*What to do:* Omit the pictures, please, and give each record below again exactly.

(Records contained in a dataset)
====================

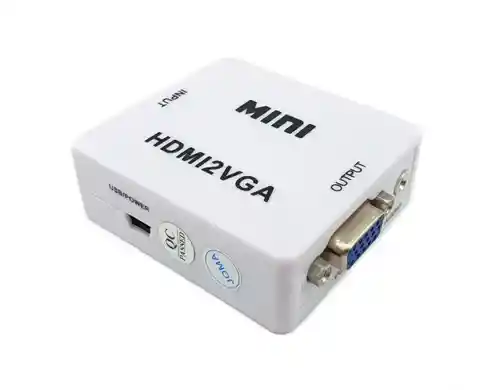 DESCRIPCIÓN: El convertidor HDMI a VGA es un convertidor universal que convierte la señal de vídeo de salida hdmi 1080p( 60hz) a salida VGA. Permite conectar Monitor, TV, Video Beam, con entrada VGA. Sin driver de instalación no es necesario. - Este es un convertidor de HDMI a VGA, es decir para conectar por ejemplo un computador o consola con salida hdmi a un monitor o pantalla con entrada vga, es decir solo le va a funcionar si el equipo que recibe la imagen (monitor, pantalla) tiene entrada vga. - Si lo va a conectar a un monitor o pantalla con entrada hdmi por favor busque en nuestras publicaciones el convertidor correcto. - El cable mini usb NO funciona como convertidor usb. -El cable mini usb es para conectarlo directamente a la corriente con un adaptador preferiblemente de 1 amperio 5 voltios o también lo puede alimentar de energía conectándolo a un puerto usb del equipo con el que lo va a utilizar. > ESPECIFICACIONES TÉCNICAS: • Dimensiones: 60.5*55*20mm (L * W * H) • Puerto de entrada: HDMI Tipo A • Puerto de salida: 1 VGA • Entrada HDMI: Max 1080 P 60Hz • Salida VGA: 1080 P/60Hz, 720 p/60Hz EL EMPAQUE INCLUYE -1 Convertidor de HDMI a VGA -1 Cable mini USB de alimentación
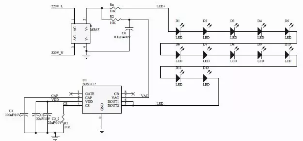 SDS3117是一款高壓線性恒流LED驅動芯片。
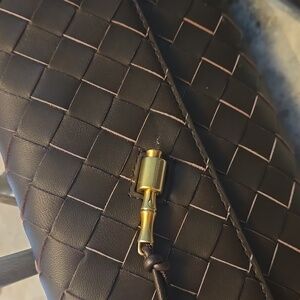 Designed in rich woven leather, the Pernille puts a unique spin on this stylish clutch with an asymmetrical bamboo style closure. The woven leather is on the outside of the bag only. The interior is just like the side of the bag - a solid piece of dark brown leather with an interior pocket.
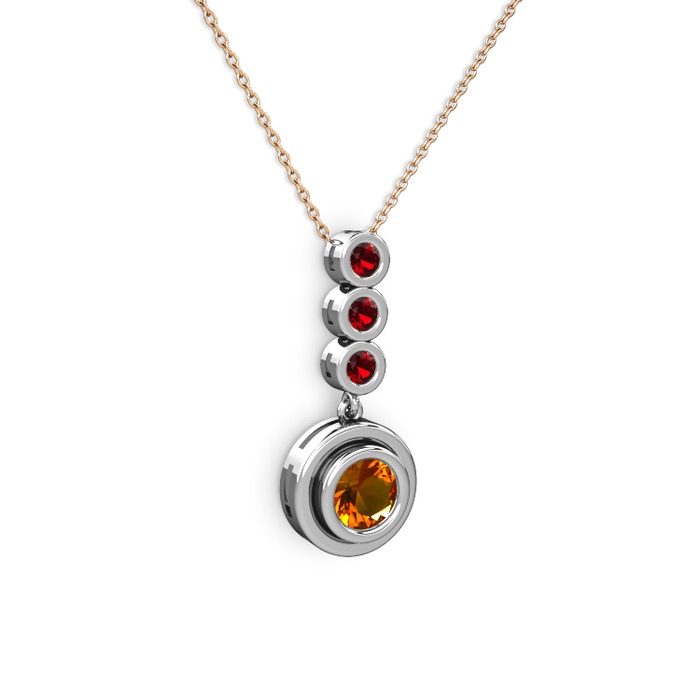 Sitrin ve garnet 925 ayar gümüş kolye (40 cm rose altın rolo zincir)
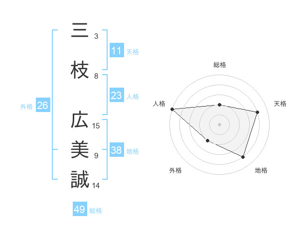 三枝 広美誠さんを姓名の画数から五運を鑑定

====================

*Response to this exercise:*
 DESCRIPCIÓN: El convertidor HDMI a VGA es un convertidor universal que convierte la señal de vídeo de salida hdmi 1080p( 60hz) a salida VGA. Permite conectar Monitor, TV, Video Beam, con entrada VGA. Sin driver de instalación no es necesario. - Este es un convertidor de HDMI a VGA, es decir para conectar por ejemplo un computador o consola con salida hdmi a un monitor o pantalla con entrada vga, es decir solo le va a funcionar si el equipo que recibe la imagen (monitor, pantalla) tiene entrada vga. - Si lo va a conectar a un monitor o pantalla con entrada hdmi por favor busque en nuestras publicaciones el convertidor correcto. - El cable mini usb NO funciona como convertidor usb. -El cable mini usb es para conectarlo directamente a la corriente con un adaptador preferiblemente de 1 amperio 5 voltios o también lo puede alimentar de energía conectándolo a un puerto usb del equipo con el que lo va a utilizar. > ESPECIFICACIONES TÉCNICAS: • Dimensiones: 60.5*55*20mm (L * W * H) • Puerto de entrada: HDMI Tipo A • Puerto de salida: 1 VGA • Entrada HDMI: Max 1080 P 60Hz • Salida VGA: 1080 P/60Hz, 720 p/60Hz EL EMPAQUE INCLUYE -1 Convertidor de HDMI a VGA -1 Cable mini USB de alimentación
 SDS3117是一款高壓線性恒流LED驅動芯片。
 Designed in rich woven leather, the Pernille puts a unique spin on this stylish clutch with an asymmetrical bamboo style closure. The woven leather is on the outside of the bag only. The interior is just like the side of the bag - a solid piece of dark brown leather with an interior pocket.
 Sitrin ve garnet 925 ayar gümüş kolye (40 cm rose altın rolo zincir)
 三枝 広美誠さんを姓名の画数から五運を鑑定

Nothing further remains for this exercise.